1 horsepower = 745 Watts

This means that if you ride around 200W averagely, your average output is only +- 1/4 horsepower.
  • 8 0
 Which means you'd get broke off by the average lawn mower
  • 5 2
 I don't get the obsession with power in the first place. If you're looking at maximum tensile load it has nothing to do with power, Just the maximum amount of force applied on the pedal (which would be max single leg deadlift), multiplied by chainring radius, divided by crank length. Or maybe a bigger force would be dynamic when you're shifted to the granny gear (or on a trials bike) and you land on the forward pedal just as the rear wheel collapses and jams.

Either way, power (max or average) matters little here.
  • 4 0
 @vinay: because it matters when you start talking about efficiency. Humans are weak and we seriously notice any drop in efficiency due to our relative lack of power.
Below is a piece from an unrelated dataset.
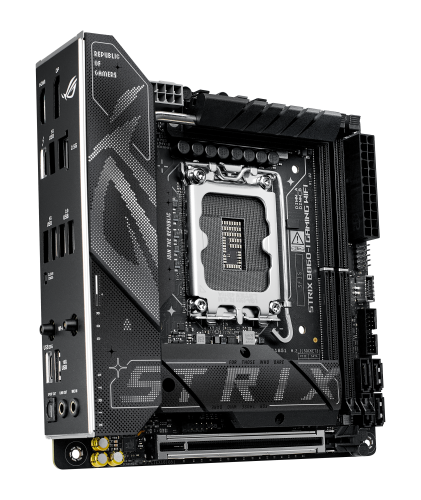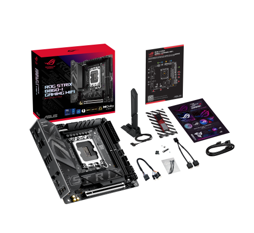 ASUS ROG STRIX B860-I GAMING WIFI. Fabricante de procesador: Intel, Socket de procesador: LGA 1851 (Socket V1), Procesador compatible: Intel Core Ultra (Series 2). tipos de memoria compatibles: DDR5-SDRAM, Memoria interna máxima: 128 GB, Tipo de ranuras de memoria: DIMM. Interfaces de disco de almacenamiento soportados: M.2, SATA III, Tipos de unidades de almacenamiento admitidas: HDD & SSD, Niveles RAID: 0, 1, 5, 10. Tipo de interfaz ethernet: 2.5 Gigabit Ethernet, Estándar Wi-Fi: Wi-Fi 7 (802.11be). Componente para: PC, Factor de forma: mini ITX, Familia del chipset: Intel

If I could pedal along a 2000-5000 watts I wouldn't mind losing a few extra in drive train losses. At 200w I need everything I can get.
  • 2 0
 @dhridernz: Alright, I get it in that context. I thought Mike brought it up in the context of whether a chain would stretch (as in deform plastically) in which case it is just about force, not about power.
  • 2 0
 @vinay: I Blew up a hope hub doing pedal kicks with a cheap sram 8 speed chain.
Tore the flange off the hub and the chain was fine.
Hope did credit me for a pro 4 trails hub saying that they have never sen that before.
  • 19 0
 Pick a chain and be a dick about it.
  • 25 13
 Choo Choo chain , Choo Choo chain, Choo Choo chain Choo Choo chain , Choo Choo chain, Choo Choo chain Choo Choo chain , Choo Choo chain, Choo Choo chain Choo Choo chain , Choo Choo chain, Choo Choo chain Choo Choo chain , Choo Choo chain, Choo Choo chain
  • 2 15
flag tulipanek (Jan 27, 2020 at 7:30) (Below Threshold)
 You mean, cho cho train ? Big Grin
  • 3 0
 "Trains are powered by new fangled electricity where I come from, none of this Choo chooing any more." Quote from BigTim in 1964.
  • 36 1
 i choo choo choose you.
  • 20 10
 @Chilliwacker - I’ll take some mushrooms tonight and see if we can communicate, I can feel we visit same places in same dimensions...
  • 2 0
 @MartyFluxMcFly: that simpsons qoute did not get enough upvotes!!
  • 3 0
 @TomsiR: What can I say, Wiggum's used to being picked last.
  • 16 0
 Gwin: hold my beer
  • 6 0
 - bro, you can't win race without pedaling - hold my chain
  • 19 7
 I am pinned to my screen with excitement! I hope they link many scientific articles. My mind has gone from narrow to wide on this riveting topic!
  • 6 0
 Nice job. Really shifts my perspective on puns
  • 15 1
 Can we call sprockets sprockets, and not cogs, because they're not cogs?
  • 8 0
 THANK YOU.

For those wondering: cogs directly interact with each other, while sprockets are connected via a chain, belt, or similar. These different types of interactions result in different tooth profiles.
  • 1 2
 @R-M-R: Fair. But cog is a lot easier two say. It’s only one syllable. I feel like “sprocket” was more popular 15+ years ago and gave way to “cog” at some point in the mid 2000s.
  • 5 0
 @gnarlysipes: You can manage the extra syllable. I believe in you.
  • 1 0
 @R-M-R: Yeah that's something that really grinds my gears!
  • 2 0
 NOW'S THE TIME ON SPROCKETS WHEN WE DANCE!!!
www.youtube.com/watch?v=QHZR9SA5pOg
  • 14 1
 Eff you, Levy. I’m still going to call it chain stretch.
  • 22 12
 Chains don't stretch, yet, "As the pins wear, the holes in the plates they're pressed through wear as well, thereby letting the chain "grow" in length." I think that's considered stretching.
  • 11 2
 Do you wake up in the morning and stretch or grow? Boom! I must be a scientist.
  • 7 4
 "it got longer but it's not stretch" is semantics. But then, from the industry that gave us 28.99 not being a new standard, I guess, what do you expect.
  • 4 2
 ya chains stretch, things don't have to stretch like Gumby to get longer (or cover a longer stretch). If something becomes longer without tearing or breaking, that is stretch.
  • 19 0
 @will54869: This argument is a stretch
  • 19 1
 Material plastically deforming by tension (stretching) is not the same as material eroding via abrasion (what happens at the chain rollers).. Still when you look at the whole system I'd say it's fairly understandable to say "a chain stretches", even if not a single component of it does actually stretch.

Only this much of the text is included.